To determine the distance that the pilot should avoid flying, we need to calculate the range of the mortar shell.
The range of a projectile can be calculated using the horizontal component of its initial velocity and the time of flight. The horizontal component of the velocity can be found using the formula: Vx = V * cos(θ), where V is the initial velocity and θ is the launch angle.
Given:
- Initial velocity, V = 200 m/s
- Launch angle, θ = 80 degrees
First, let's calculate the horizontal component of the velocity:
Vx = 200 * cos(80)
Vx ≈ 34.982 m/s
Next, we need to calculate the time of flight for the mortar shell. Since the shell is fired horizontally, there is no initial vertical velocity. Therefore, we can use the time it takes for the shell to reach its maximum height, which is at the halfway point of its flight, and double it to find the total time of flight.
The formula to find the time of flight to reach maximum height is: t = V * sin(θ) / g, where g is the acceleration due to gravity (approximately 9.8 m/s²).
Using the launch angle θ = 80 degrees:
t = (200 * sin(80)) / 9.8
t ≈ 26.289 s
Therefore, the total time of flight is approximately 2 * 26.289 = 52.578 s.

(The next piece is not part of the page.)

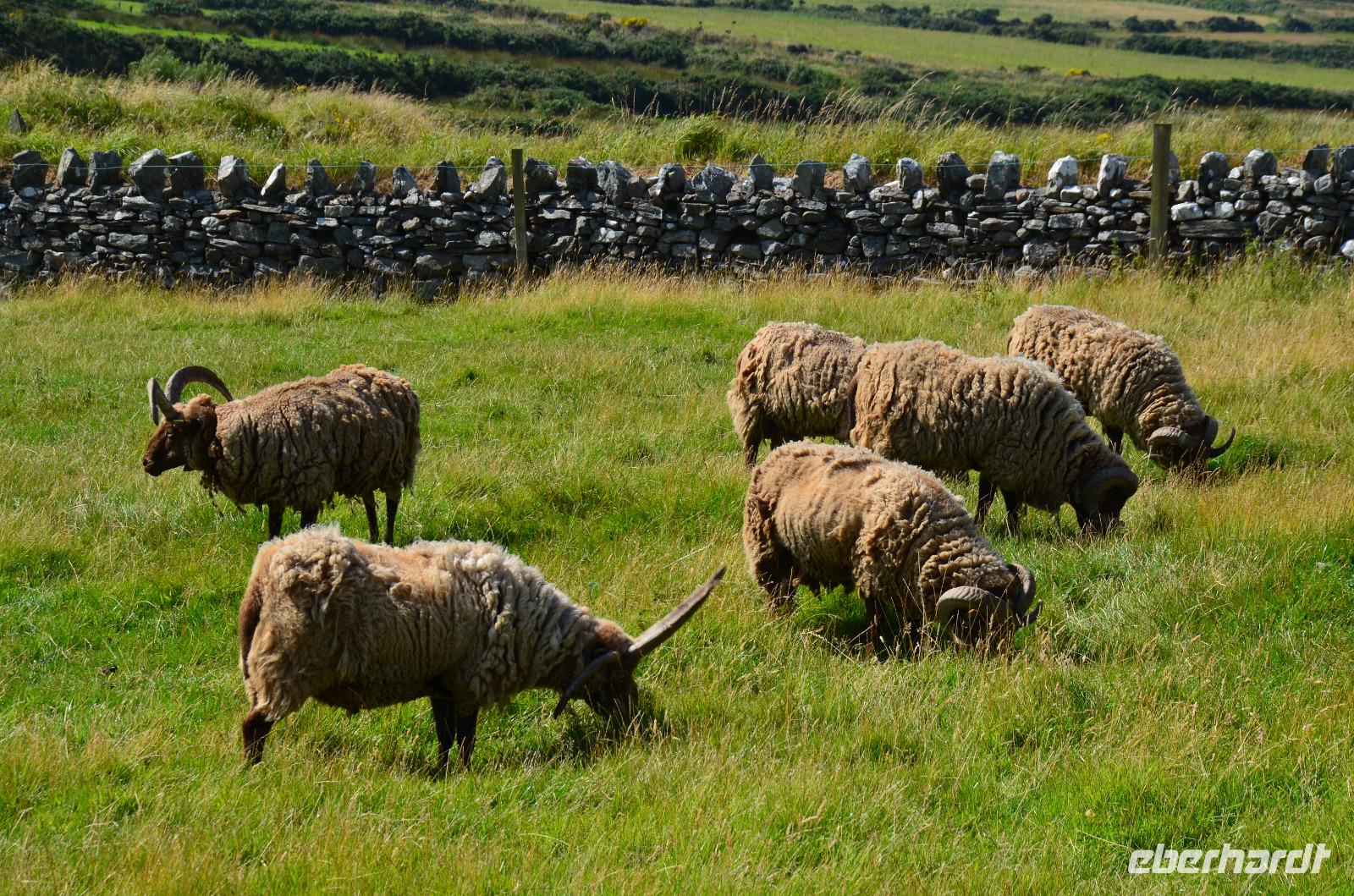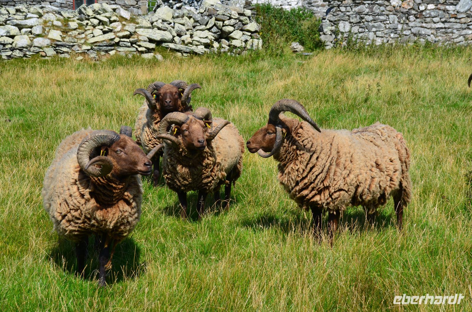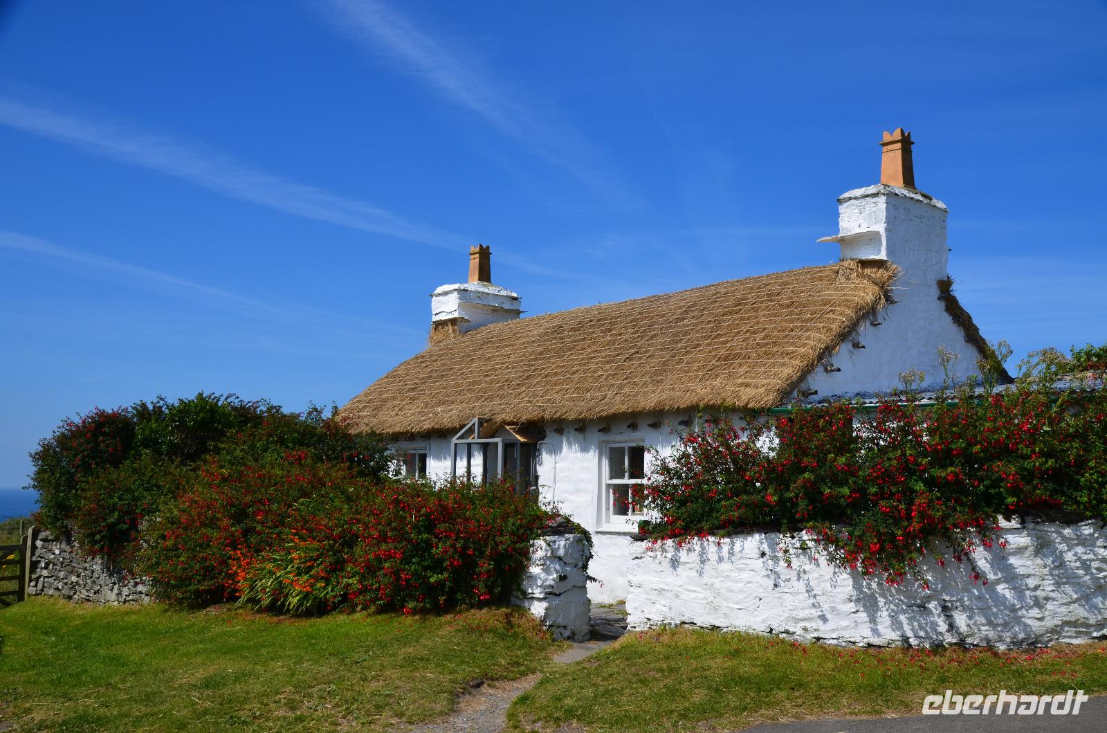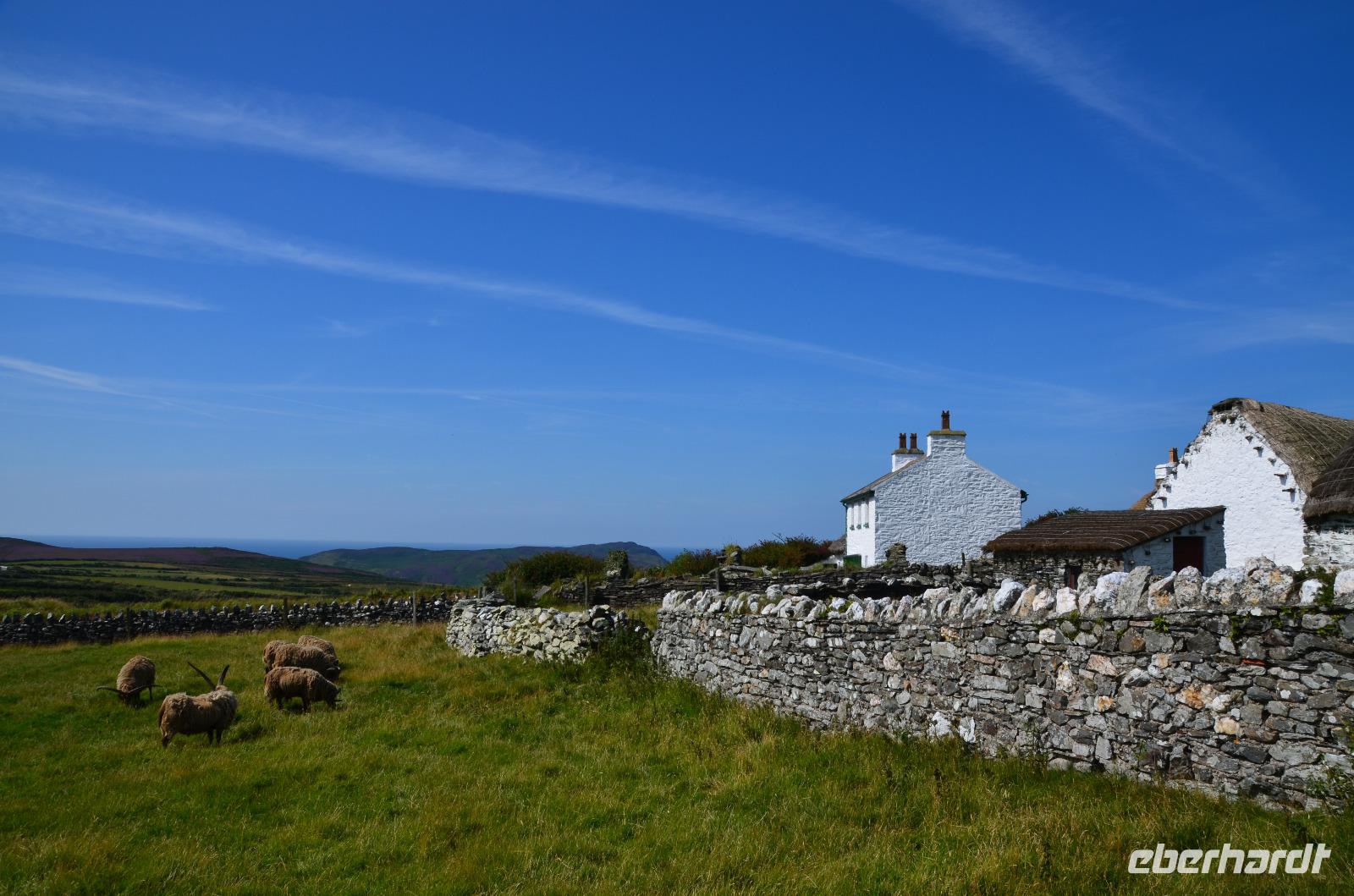 Anschließend, im Museumsdorf Cregneash, spazieren wir durch die alten Häuser und sehen Manx-Katzen und Manx Loaghtan Schafe.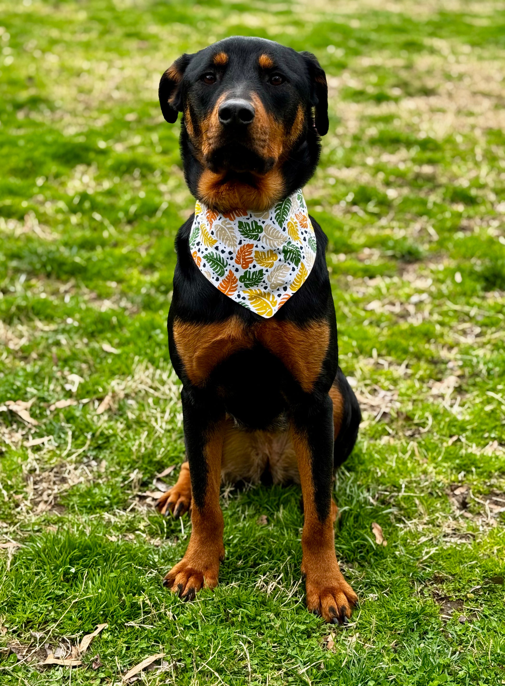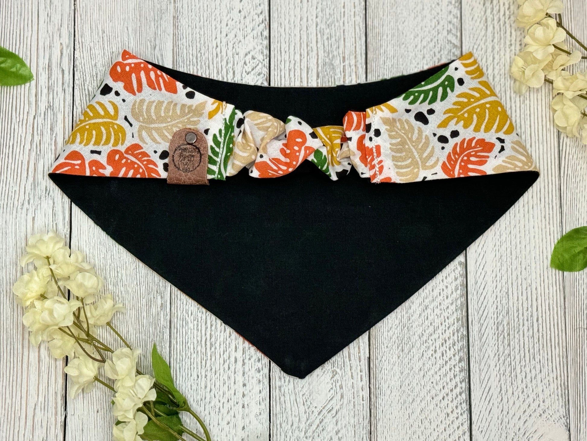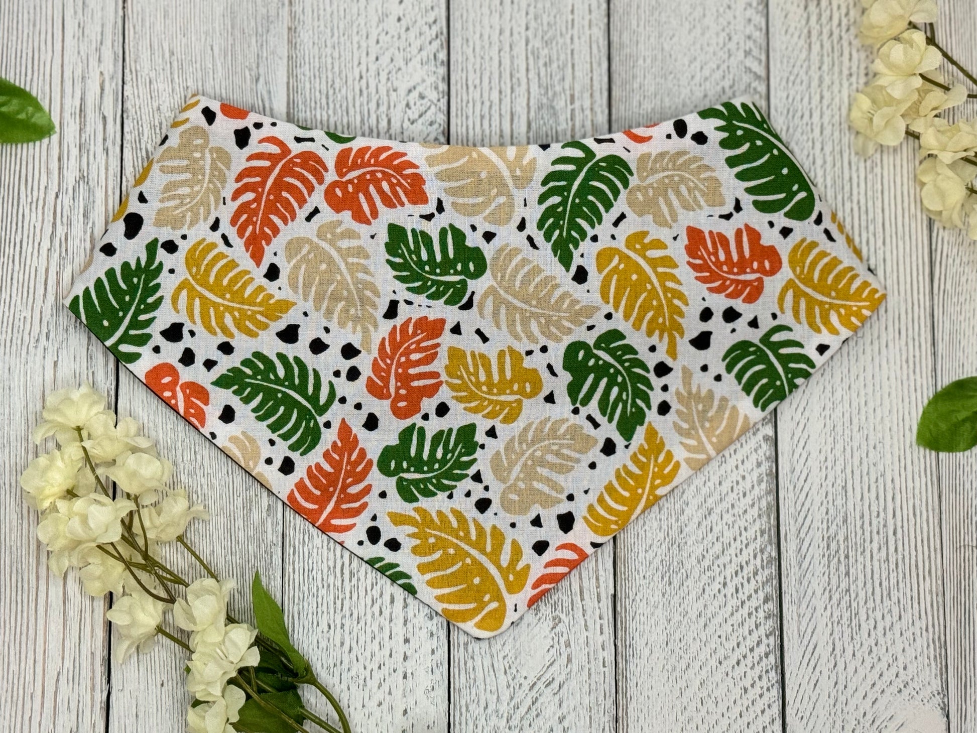 Transport your furry friend into the jungle with our handmade pet bandana! Perfect for the adventurous pup, this scrunchie bandana features multicolored giant leaves that will make them stand out on any outdoor excursion. Let your pet's wild side shine!

Now, we can calculate the range by multiplying the horizontal component of the velocity by the time of flight:
Range = Vx * t
Range ≈ 34.982 * 52.578
Range ≈ 1838.705 m
So, the range of the mortar shell is approximately 1838.705 meters.
To determine the distance that the pilot should avoid, we need to add the height of the reconnaissance airplane to the range of the mortar shell: 1838.705 + 500 = 2338.705 meters.
Therefore, the pilot should be well advised to avoid flying within approximately 2338.705 meters from the camp.